▶ _What you should do_:
If an entry holds a picture, skip the picture but copy everything else exactly.

▶ _Data for review_:
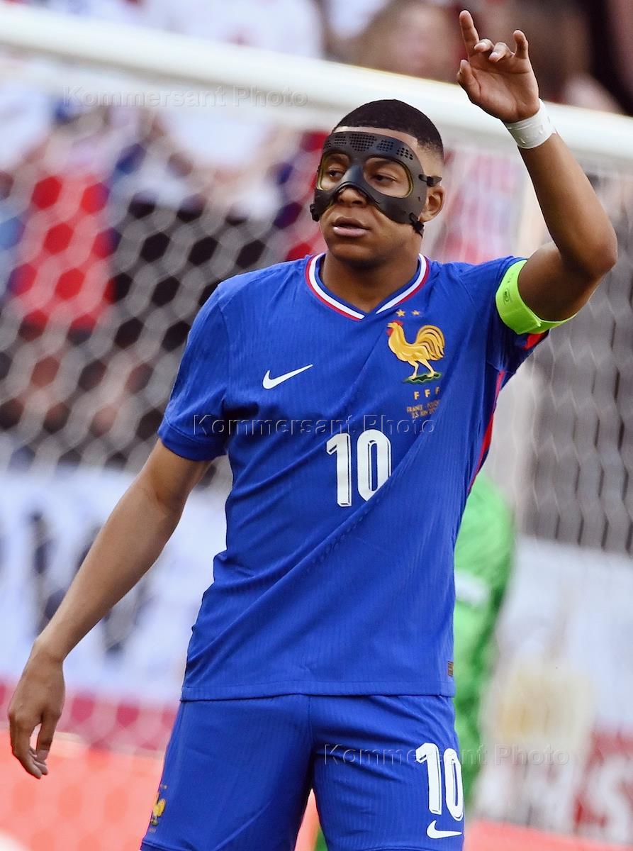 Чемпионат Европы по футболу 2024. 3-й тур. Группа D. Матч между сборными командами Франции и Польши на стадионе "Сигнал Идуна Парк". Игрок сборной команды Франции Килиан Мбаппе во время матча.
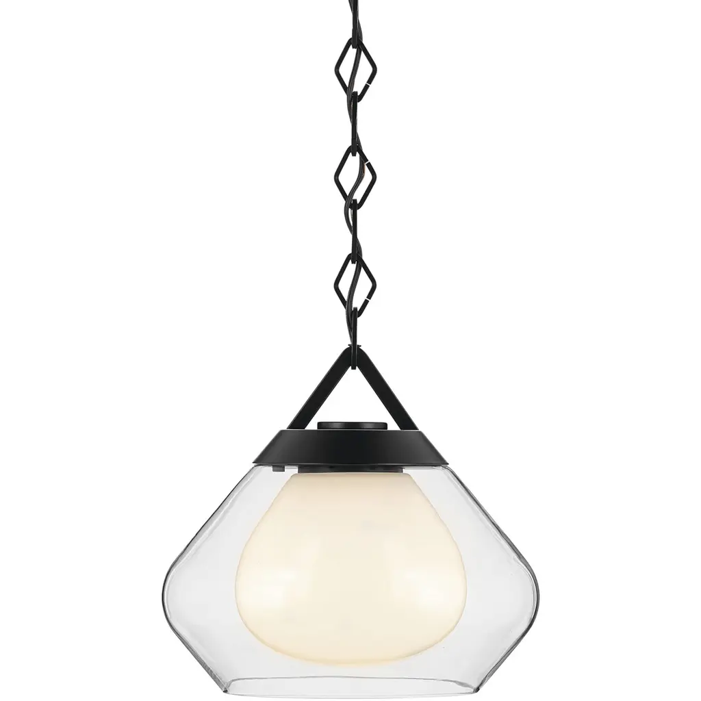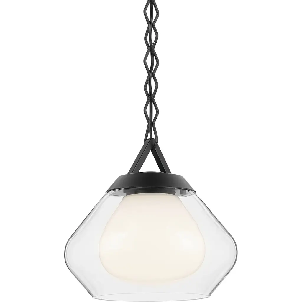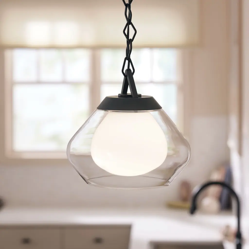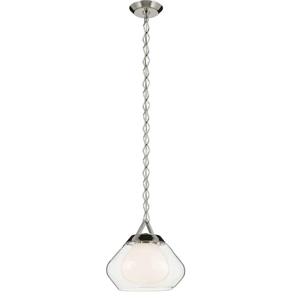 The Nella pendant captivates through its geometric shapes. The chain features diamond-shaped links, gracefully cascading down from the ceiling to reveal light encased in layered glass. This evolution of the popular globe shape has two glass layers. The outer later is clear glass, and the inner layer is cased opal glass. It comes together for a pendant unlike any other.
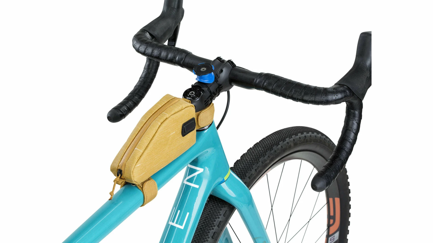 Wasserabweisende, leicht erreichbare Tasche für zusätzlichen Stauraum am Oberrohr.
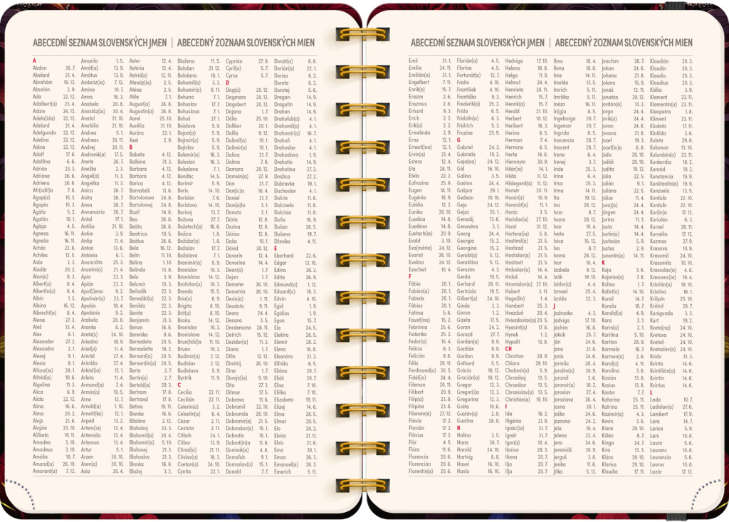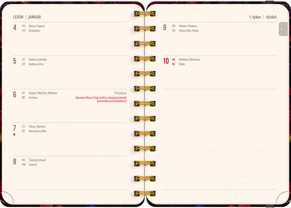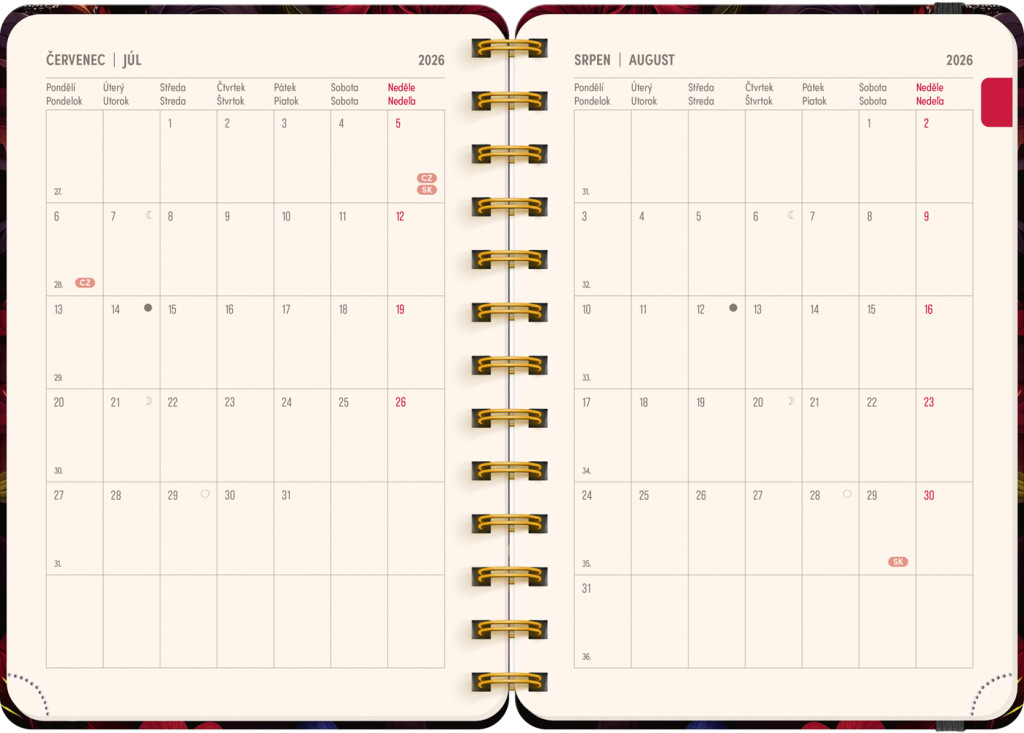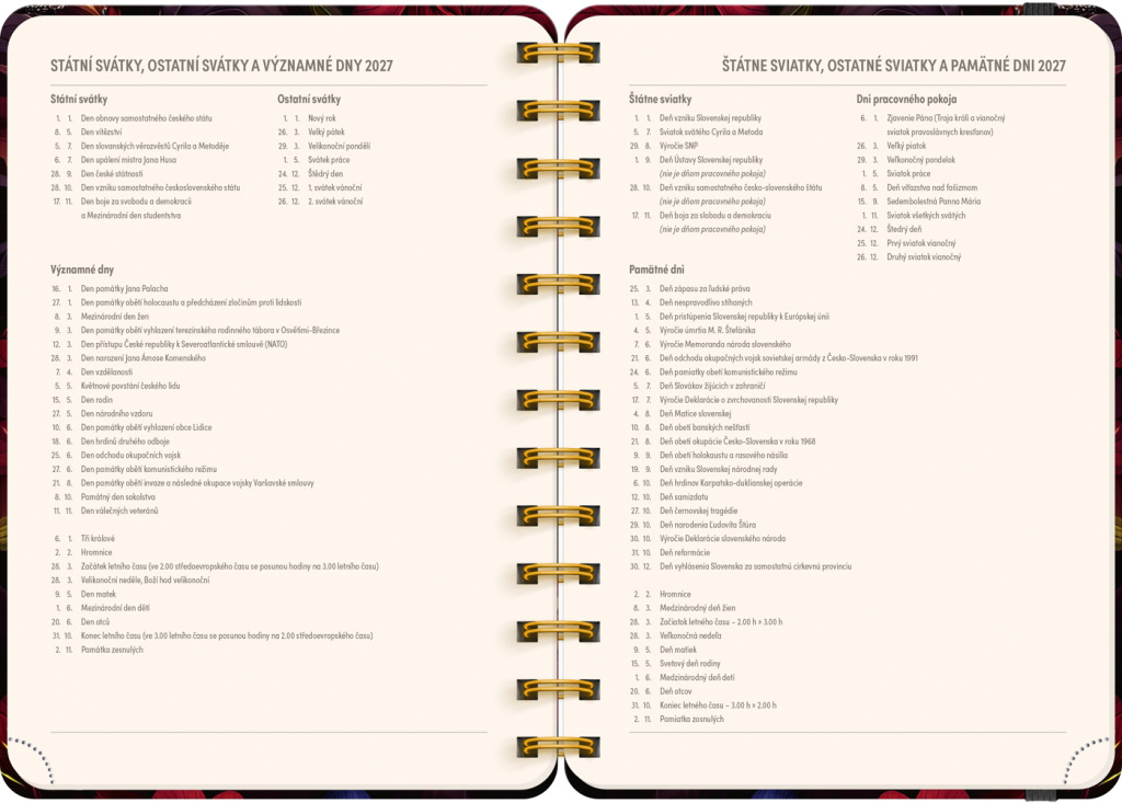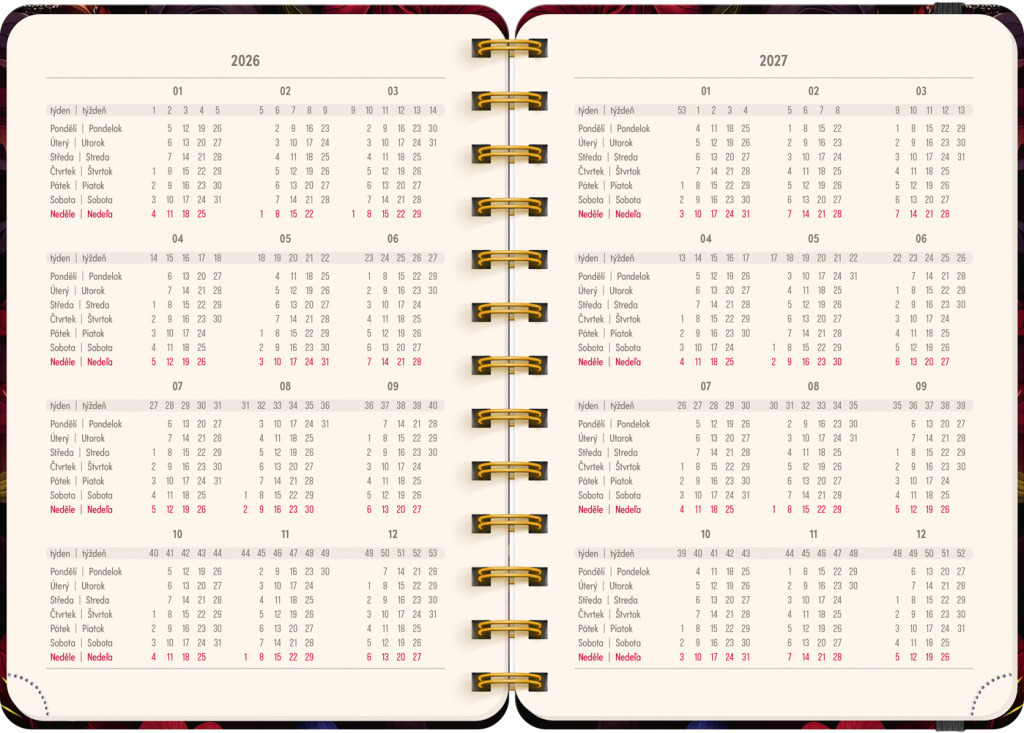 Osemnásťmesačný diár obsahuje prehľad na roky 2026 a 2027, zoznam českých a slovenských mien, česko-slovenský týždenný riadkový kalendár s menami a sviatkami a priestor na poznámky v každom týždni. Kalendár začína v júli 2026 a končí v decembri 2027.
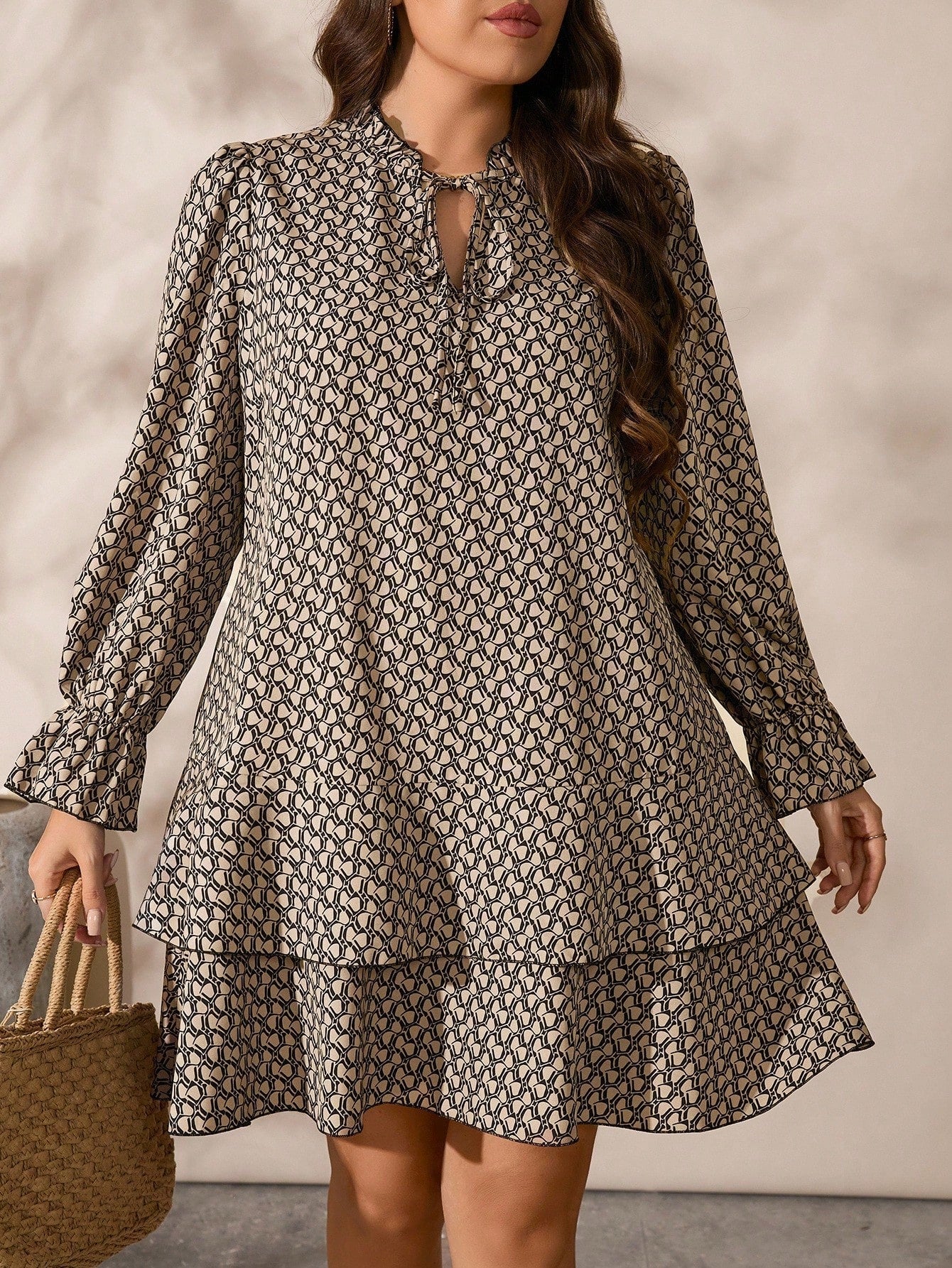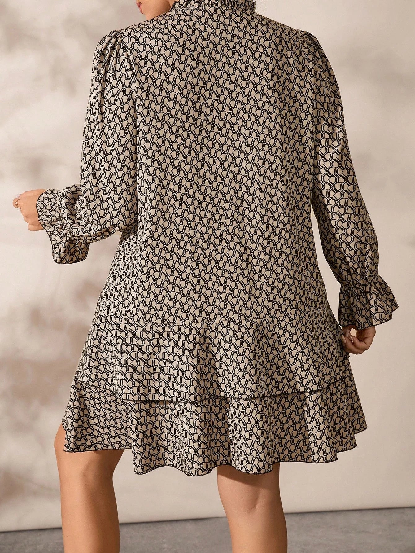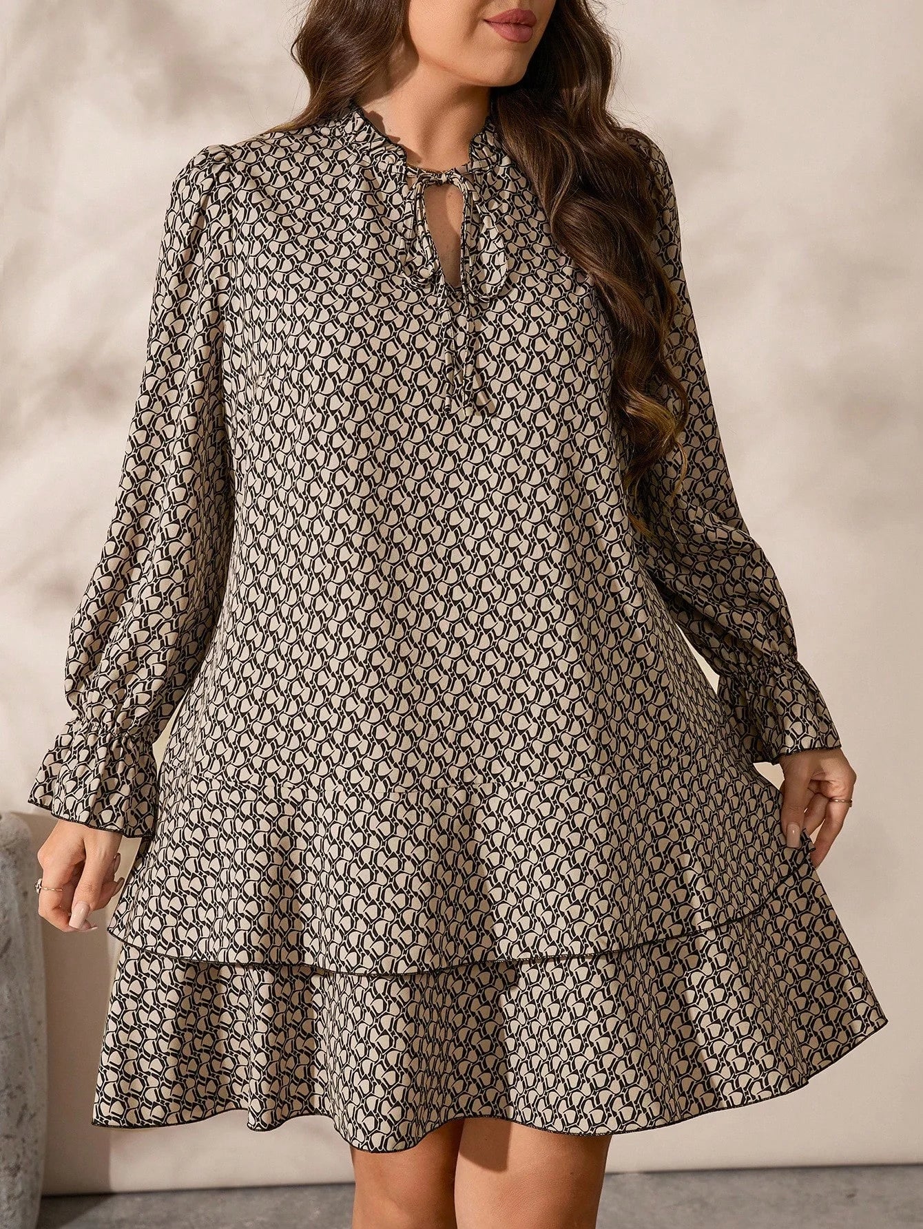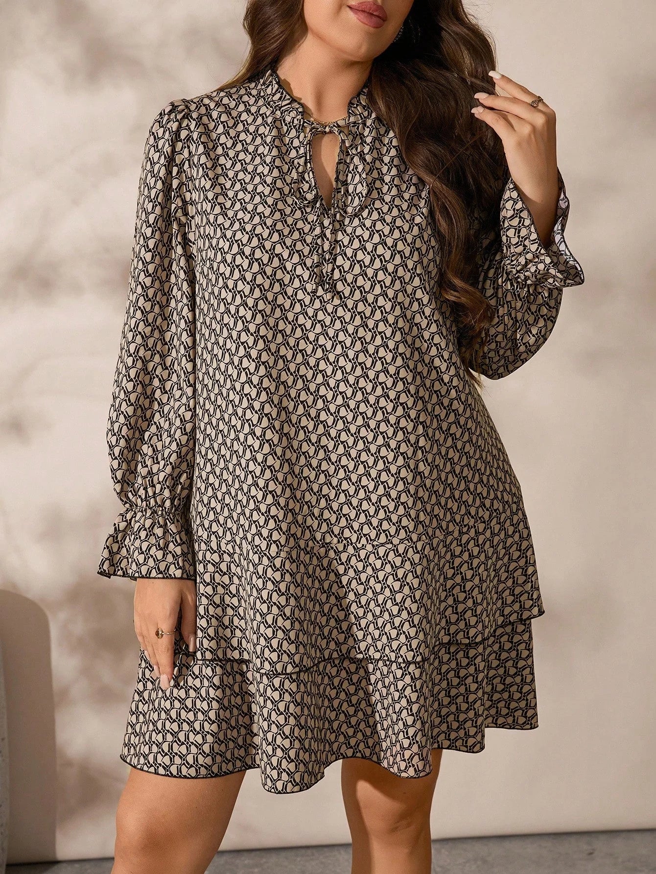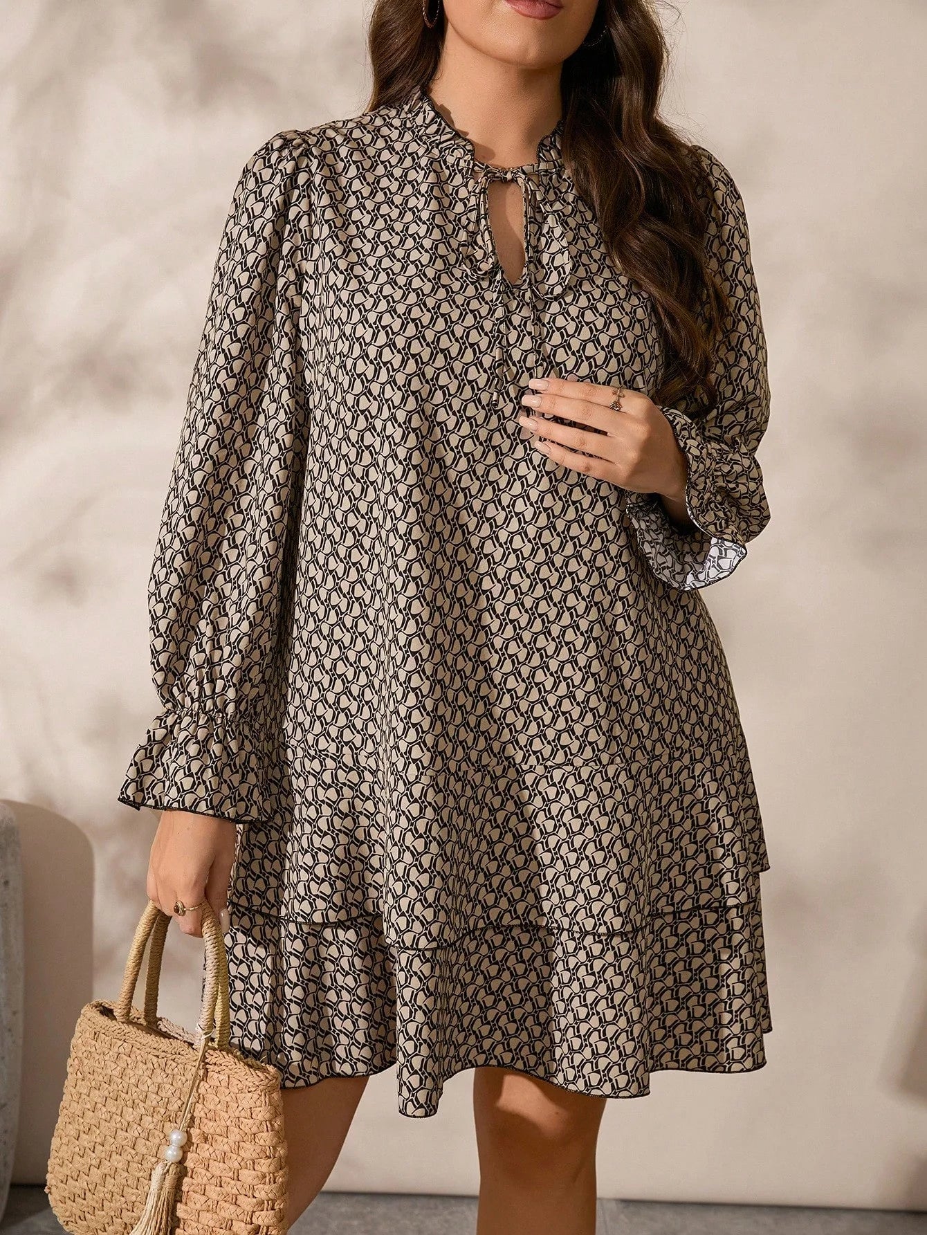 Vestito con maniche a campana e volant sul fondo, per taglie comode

▶ _Answer to this task_:
 Чемпионат Европы по футболу 2024. 3-й тур. Группа D. Матч между сборными командами Франции и Польши на стадионе "Сигнал Идуна Парк". Игрок сборной команды Франции Килиан Мбаппе во время матча.
 The Nella pendant captivates through its geometric shapes. The chain features diamond-shaped links, gracefully cascading down from the ceiling to reveal light encased in layered glass. This evolution of the popular globe shape has two glass layers. The outer later is clear glass, and the inner layer is cased opal glass. It comes together for a pendant unlike any other.
 Wasserabweisende, leicht erreichbare Tasche für zusätzlichen Stauraum am Oberrohr.
 Osemnásťmesačný diár obsahuje prehľad na roky 2026 a 2027, zoznam českých a slovenských mien, česko-slovenský týždenný riadkový kalendár s menami a sviatkami a priestor na poznámky v každom týždni. Kalendár začína v júli 2026 a končí v decembri 2027.
 Vestito con maniche a campana e volant sul fondo, per taglie comode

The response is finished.